Karar, davalı ... vekili tarafından temyiz edilmiştir.
Dava, kooperatif üyeleri adına kayıt ve tescil edilen taşınmazların tapularının iptali ve kooperatif adına tescili istemine ilişkindir.
Mahkemece, 2004/23 Esas, 2005/278 Karar sayılı hüküme esas dava dilekçesi ve duruşma gününün davalı ..."ye tebliği için “ ... mah. ... sok. ... Apt. No:7/7 ...” adresine çıkartılan davetiye, 16.01.2004 tarihinde, adresten ayrıldığı ve yeni adresinin bilinmediğinden bahisle iade gelmiş olup, davacı vekilinin 21.01.2004 havale tarihli dilekçesinde, davalı ..."nin de içinde olduğu bazı davalıların noterde bulunan evraklarındaki adreslerine Tebligat Kanunu"nun 35. maddesine göre tebligat yapılmasını talep ettiği anlaşılmıştır.

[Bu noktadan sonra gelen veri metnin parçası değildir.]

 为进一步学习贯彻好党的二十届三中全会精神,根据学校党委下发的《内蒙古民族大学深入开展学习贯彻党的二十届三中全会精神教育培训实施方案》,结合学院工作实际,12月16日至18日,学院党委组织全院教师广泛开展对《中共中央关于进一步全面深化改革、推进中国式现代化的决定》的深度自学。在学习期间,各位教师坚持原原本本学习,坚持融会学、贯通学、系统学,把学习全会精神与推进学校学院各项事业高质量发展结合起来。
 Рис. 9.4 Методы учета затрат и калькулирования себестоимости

Dosya arasında bulunan 11745 yevmiye numaralı noterde düzenlenen belgeye göre davalı ..."nin adresi, “ .... Oteli .... sok. Belediye Parkı arkası .../...” olmakla, iş bu belge dosyaya 18.06.2007 tarihli Yargıtay 11. Hukuk Dairesi geri çevirme kararından sonra girmiş olup, davalı adına çıkarılan ikinci tebligat, bu adrese değil ilk tebligatın çıktığı adrese yollanarak Tebligat Kanunu"nun 35. maddesine göre tebliğ yapılmıştır. Bu durumda, Tebligat Kanunu"nun 35. madde şartlarına aykırı şekilde, usulüne uygun olarak bir kez bile tebligat yapılamayan bir adrese tebligat yapılmıştır. Gerekçeli kararın da aynı şekilde usulüne uygun olmaksızın tebliğ edildiği görülmüştür. Böylece, HMK"nun 27 inci HUMK"nun 73 üncü maddelerine aykırı olarak taraflar dinlenmeden, iddia ve savunmalarını beyan etmeleri için davet edilmeden hüküm verilmiştir.

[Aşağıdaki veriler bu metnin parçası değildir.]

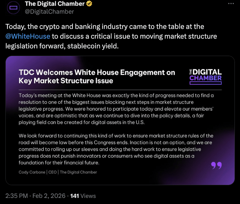 In February 2026, crypto industry executives, lawmakers, and bankers met frequently at the White House and in Congress to resolve their differences. The Digital Chamber of Commerce reported that a meeting on February 3 focused on stablecoin yields.

Bu ilke çerçevesinde mahkemece, 01.04.2010 tarihinde verilen hüküm, davalı ... yönünden 2004/23 Esas, 2005/278 Karar sayılı kararın kesinleştiğinin tespitine yönelik olup, kendisine iş bu karar tebliğ edilmemiştir. Davalının, bozmadan evvel verilen ilk hükmün içeriğini, Tebligat Kanunu"nun 32 inci madde uyarınca, temyiz dilekçesi tarihinde öğrenmiş sayılmakla, davalının temyizinin 2004/23 Esas, 2005/278 Karar sayılı ilama ilişkin olduğunun kabulü gerekmiştir. Bu durumda, davalının, savunma hakkı kısıtlanmaksızın, usulüne uygun olarak, dava dilekçesinin tebliği ile taraf teşkili sağlanarak yargılama işlemlerine dahil edilmesi gerekirken, yazılı şekilde hüküm tesisi doğru olmamıştır.

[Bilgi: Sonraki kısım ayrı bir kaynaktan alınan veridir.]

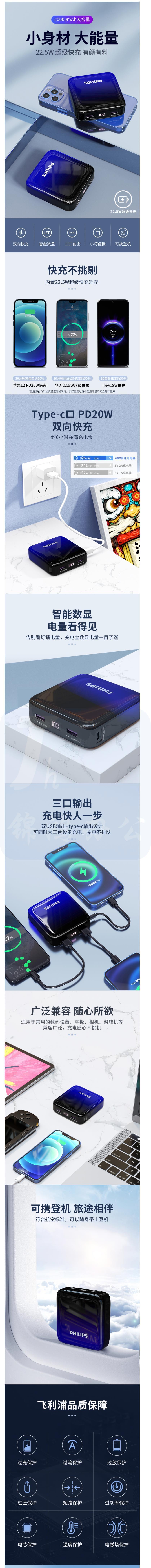 飞利浦 DLP2115B 充电宝 22.5W超级快充20000毫安 货号;JC

SONUÇ: Yukarıda açıklanan nedenlerle, davalı ... vekilinin temyiz itirazlarının kabulü ile hükmün, davalı yararına BOZULMASINA, peşin harcın istek halinde iadesine, kararın tebliğinden itibaren 15 gün içerisinde karar düzeltme yolu açık olmak üzere, 15.02.2012 tarihinde oybirliğiyle karar verildi.